When Sonatype and Aspect Security released a paper discussing their findings regarding open source security, Sonatype’s Tim O’Brien stated “it's a shocking look at how few people are paying attention to application security.”
The report then found that well-known open source projects, such as Google Web Toolkit, Spring MVC, Struts 1.X. and Hibernate, all had serious vulnerabilities. In fact, around 50 percent of the largest corporations were running applications that contained vulnerabilities.
That report, however, was released in 2012. Surely security has been improved.
Not according to the Black Duck Software and North Bridge report which found that 55 percent of respondents believed that open source solutions provided superior security. The report also stated that security hasn’t been able to keep pace with the amount of open source users.
Don’t think that security should be major concern? Just remember that around “60 percent of small businesses close within six months of a cyber attack.”
It Infringes on Intellectual Property
Unlike software that is created in-house, “open-source code comes from an amorphous community of unknown people, and parts of it are much more likely than homegrown software to have been copied from someone’s proprietary code,” writes Scott Wilson.
Open-source codes also can't guarantee that it doesn’t infringe on some third party’s intellectual-property rights — and there's no legal protection if is does. In other words, your business would have to fend for itself if it were sued for patent, copyright, or trade-secret infringement over code. My company had this problem and it nearly destroyed us. Someone went and put in what they thought would help our company and users. Turns out that was intellectual property of someone else. Six months later, we received a court notice.
Fighting a legal battle over intellectual property just doesn't involve legal costs, but also emotional costs, changes to the structure of your business and loss of business to your competitors. It took us years and a lot of money to fight..
The Business Model is Broken
What if your business is built around an open source service or product? Expect an uphill battle. Peter Levine, a partner at Andreessen Horowitz, writes that there will never be another company like Red Hat, the successful Linux operating system company, because “the business model simply does not enable adequate funding of ongoing investments.”

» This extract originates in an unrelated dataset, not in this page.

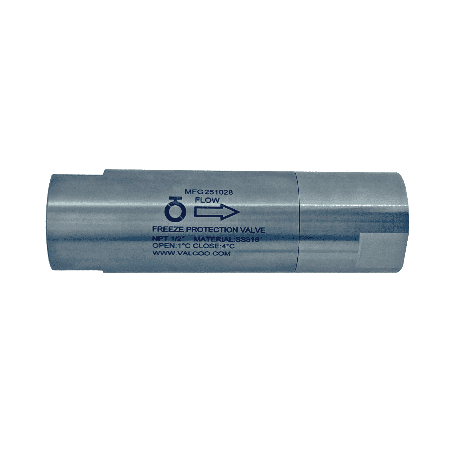 防冻阀(产品)最早起源于美国。由于安装简便,维护使用非常安全,在国外已经有了广泛应用。而在我国了解并使用此项技术的企业还不是很多。 防冻原理:当系统温度低于设置温度时如4℃,阀门自动打开,(至1℃时阀门全开)排出即将冻结的冷水。当水温高于如4℃时,阀门自动关闭,周而复始,达到防冻效果。 衡量防冻阀性能的几个重要指标即打开/关闭温度、最高工作压力、最高工作温度和流量系数

Additionally, as Matt Asay writes, “the Amazons of the world are increasingly eating the Red Hats of the world — one SaaS business at a time.” As someone who has tangled with Amazon, you can be certain that that’s a battle you’re not going to win. They've got more money and time that you'll ever have. You can play by their rules, but don’t expect that you can challenge the big boys like Amazon, Google, Microsoft, Oracle and Facebook.
What’s the Alternative?
Levine suggests that businesses package “open source into a service (as in cloud computing or software-as-a-service) or as a software or hardware appliance.” By doing so, “companies can monetize open source with a far more robust and flexible model, encouraging innovation, and on-going investment in software development.”
The other option for business owners is to invest in off-the-shelf solutions. These solutions have generic functions and a set user interface for content management, and often have plugin-systems for customization. This is an option if you have a limited budget, skill set and amount of time.